ENTRIES PROVIDED >>
——————

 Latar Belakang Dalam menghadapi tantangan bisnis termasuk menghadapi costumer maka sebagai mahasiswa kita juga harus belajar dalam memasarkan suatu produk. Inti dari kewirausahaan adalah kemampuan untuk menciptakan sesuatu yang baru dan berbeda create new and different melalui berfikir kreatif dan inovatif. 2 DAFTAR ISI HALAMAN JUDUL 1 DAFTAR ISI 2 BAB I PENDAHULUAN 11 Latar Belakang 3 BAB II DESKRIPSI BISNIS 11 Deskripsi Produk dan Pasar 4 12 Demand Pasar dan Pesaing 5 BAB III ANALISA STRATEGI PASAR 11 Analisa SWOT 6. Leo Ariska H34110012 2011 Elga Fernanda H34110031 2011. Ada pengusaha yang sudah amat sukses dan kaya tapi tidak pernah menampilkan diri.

——————

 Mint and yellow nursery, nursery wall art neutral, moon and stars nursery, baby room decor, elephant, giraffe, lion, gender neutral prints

——————

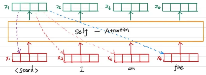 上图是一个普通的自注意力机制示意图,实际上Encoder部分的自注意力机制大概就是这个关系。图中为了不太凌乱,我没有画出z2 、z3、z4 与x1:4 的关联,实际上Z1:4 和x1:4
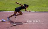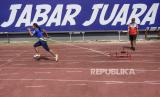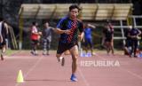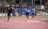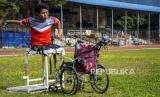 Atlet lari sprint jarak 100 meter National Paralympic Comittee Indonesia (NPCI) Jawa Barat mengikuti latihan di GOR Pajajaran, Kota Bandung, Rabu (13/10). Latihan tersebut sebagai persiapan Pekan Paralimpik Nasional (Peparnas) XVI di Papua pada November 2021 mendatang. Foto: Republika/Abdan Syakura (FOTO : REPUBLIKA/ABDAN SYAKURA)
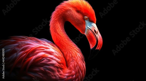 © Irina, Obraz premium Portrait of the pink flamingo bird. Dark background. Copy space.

——————

TASK STATEMENT >>
Your copy should hold only the lines above from the one containing "与x1:4 的关联,实际上Z1:4 和x1:4" through the one containing "background. Copy space.", exactly as written and free of pictures.

SOLUTION FOR THIS EXERCISE >>
 上图是一个普通的自注意力机制示意图,实际上Encoder部分的自注意力机制大概就是这个关系。图中为了不太凌乱,我没有画出z2 、z3、z4 与x1:4 的关联,实际上Z1:4 和x1:4
 Atlet lari sprint jarak 100 meter National Paralympic Comittee Indonesia (NPCI) Jawa Barat mengikuti latihan di GOR Pajajaran, Kota Bandung, Rabu (13/10). Latihan tersebut sebagai persiapan Pekan Paralimpik Nasional (Peparnas) XVI di Papua pada November 2021 mendatang. Foto: Republika/Abdan Syakura (FOTO : REPUBLIKA/ABDAN SYAKURA)
 © Irina, Obraz premium Portrait of the pink flamingo bird. Dark background. Copy space.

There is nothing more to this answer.